I did it once. I pasted a config file into Claude and realized — three seconds too late — that it contained a production database connection string. Nothing bad happened. But that "oh no" feeling stuck with me.

So I built Nolex — a Chrome extension that sits between your clipboard and AI platforms, scanning everything you upload or paste for sensitive data. If it finds something, it shows you exactly what and lets you redact it before sending.

The key part: everything runs locally in your browser. No servers, no cloud, no telemetry. Your data never leaves your machine.

The Problem Is Bigger Than You Think

Every day, millions of developers paste code snippets, configs, logs, and documents into AI chatbots. Most of the time it's fine. But sometimes that snippet contains:

  • An sk-proj-... OpenAI API key
  • AWS credentials (AKIA...)
  • A postgresql://user:password@host/db connection string
  • A private SSH key
  • A JWT token with user data
  • Credit card numbers from test logs
  • Phone numbers and emails from customer data

You don't even notice it's there. The AI platform does — and now your secret lives in someone else's training data, logs, or at minimum their server memory.

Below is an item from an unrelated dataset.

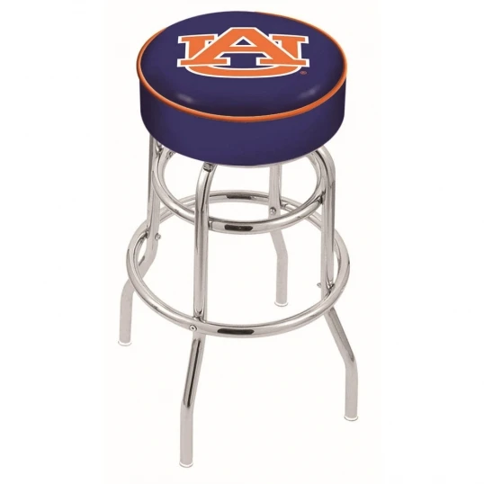 Made for the ultimate sports fan, impress your buddies with this knockout from Holland Bar Stool. This contemporary 25 inch Auburn Chrome 2-Ring Base Swivel Bar Stool has a 4 inch cushion with a tough double-ring base and a chrome finish. Holland Bar Stool uses a detailed screen print process that applies specially formulated epoxy-vinyl ink in numerous stages to produce a sharp, crisp, clear image of your desired logo. You can not find a higher quality logo stool on the market. The structure is triple chrome-plated to ensure a rich, polished finish that will last ages. If you are going to finish your bar or game room, do it right with a Holland Bar Stool.
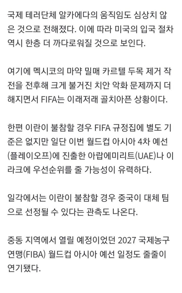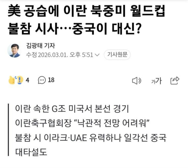 美 공습에 이란 북중미 월드컵 불참 시사…중국이 대신?

This isn't hypothetical. Samsung banned ChatGPT after engineers leaked source code. GitHub found thousands of exposed API keys in public repos — and AI-assisted workflows make this worse, not better.

How Nolex Works

Nolex intercepts two things:

  1. File uploads — when you drag a .env, .json, .py, or any other file into ChatGPT/Claude/DeepSeek
  2. Clipboard paste — when you Ctrl+V code or text into the chat input

Before the data reaches the AI platform, Nolex scans it against 30+ regex patterns covering:

Category Examples
AI Platform Keys OpenAI, Anthropic, Google AI, DeepSeek, Hugging Face, Mistral, Cohere, Replicate
Cloud & Infra AWS Access/Secret Keys, AWS Session Tokens
Developer Tokens GitHub PAT, GitHub OAuth, Slack Bot/User Tokens, Discord Bot Tokens
Payment Stripe Secret/Restricted Keys, Stripe Webhooks
Databases PostgreSQL, MySQL, MongoDB, Redis connection strings
Personal Data Email addresses, phone numbers (international + RU format), credit card numbers
Auth JWT tokens, SSH/RSA private keys
Webhooks Slack Webhooks, Discord Webhooks

If anything matches, you see an interactive dialog:

Each finding is highlighted in the text preview. You can:

  • See exactly what was detected and where
  • Click on any finding to jump to its location in the text
  • Choose which findings to redact and which to keep
  • Replace sensitive values with safe placeholders like ***AWS_KEY_REDACTED***
  • Cancel the upload entirely

If nothing suspicious is found — the file or paste goes through silently. Zero friction when there's nothing to worry about.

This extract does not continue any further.